で、『令和元年版怪談牡丹灯籠』(NHK BSプレミアム 毎週日曜22:00〜)だ。この長い物語全編を全4回で「完全映像化」するという、ひそかにチャレンジングなドラマ。

第1話の冒頭、飯島平左衛門(高嶋政宏)が、刀屋で出会った浪人・黒川孝蔵(神尾佑)を些細なことで斬り殺す。20年にわたる物語の発端、シリアスなシーンだ。けれど、刀屋の主人にレア刀があると聞かされ興奮している平左衛門の顔とか、浪人と対峙しながら「斬りたい! 斬ってみたい!」と素直すぎる心の声とか、これ、笑っていいところじゃないだろうか?  脚本・演出を手がけたのが、単発ながら話題を集めた『スローな武士にしてくれ』の源孝志と聞けば、その思いは確信に近くなる。
そしてこのアレンジだけで、「令和元年版」ならではの牡丹灯籠を作ろうとしている姿勢が伝わってくる。筋は変えず、登場人物それぞれのキャラクターを膨らませていくことで、ドラマの面白さを生み出そうとしているのだろう。

ピュアVSアダルト。二つの恋のはじまり


この物語には、3組のカップルがいる。
まずはお露(上白石萌音)と萩原新三郎(中村七之助)。ご存知「牡丹灯籠」の二人だ。新三郎は女っ気がなく、親の遺産で本ばかり読んでいる文化系浪人。お露は平左衛門の娘で、「刀と槍で仕えてきた」マッチョな家柄でありながら、文系好き。
そんな二人が出会った瞬間見つめ合い、恋に落ちる。まるで少女漫画のような出会い。お露が「また来てくださらなければ死んでしまうやもしれません」と言い出すのも、ピュアゆえの暴走だ。でもこの後に死んじゃうし、幽霊になっちゃうんだもんな。思えば上白石は「ピュアすぎて重い」女にぴったりかもしれない。

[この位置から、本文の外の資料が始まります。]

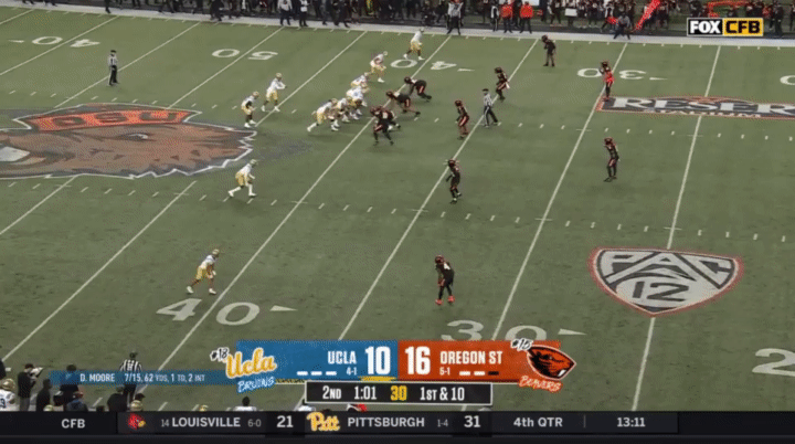 Let’s get Collin Schlee out of the way first. He’s not quite a “backup” quarterback and more of a situational/gadget-type player for UCLA, similar to the way Stanford likes to use QB Justin Lamson (typically, in obvious running situations). He did start one game this year due to injuries—meaning, he played like a regular quarterback—an ugly 17-7 loss to a bad ASU team. There were no obvious highlights or lowlights to include here (Schlee went 11/18 with 117 yards passing and 51 yards rushing), but there were just a lot of plays like this, where Schlee clearly doesn’t have the same level of chemistry with the receivers on e.g. timing routes:

この二人の美しい出会いの直後にお国(尾野真千子)と宮辺源次郎(柄本佑)のシーンがあるのが憎い。お国は一介の女中にすぎなかったが、平左衛門に取り入って側室になり、お露を屋敷から追い出す。源次郎は飯島家の隣の家の、ぼんくらな次男。二人の視線の絡ませ方はねちっこいというか、含みがあるというか、淫靡さえ感じさせる。意外にもまっすぐな源次郎と、すでに次の策略を考えていそうなお国、それぞれの表情!

こうなってくると3組めのカップル、孝助(若葉竜也)とお徳(石橋菜津美)だけが心の安らぎだ。平左衛門が黒川を殺して20年後、黒川の息子である孝助は、父の仇と走らず平左衛門のもとへと仕官を求めてやってくる。平左衛門は気づきつつ受け入れる。お徳は平左衛門と旧知の侍・新五兵衛の娘。わしわしご飯を食べる孝助を好もしく思うお徳のシーンがかわいい。せめてこのカップルには幸せになってほしい……。

七之助演じる新三郎のかわいさ


15夜かけて上演された長く複雑な作品をどうやって4時間半に? と心配していたけれど、いまのところ驚くほど丁寧にそれぞれの心情を描いていて、新鮮に面白い。今夜放送の第2話では、早くもというか、いよいよというか、お露が新三郎に「焦がれ死に」するシーンがやってくる。ひとつのクライマックスを、上白石萌音はどう演じるのだろう。尾野真千子&柄本佑カップルがひたすら悪の道へと落ちていく姿もしっかり見届けたい。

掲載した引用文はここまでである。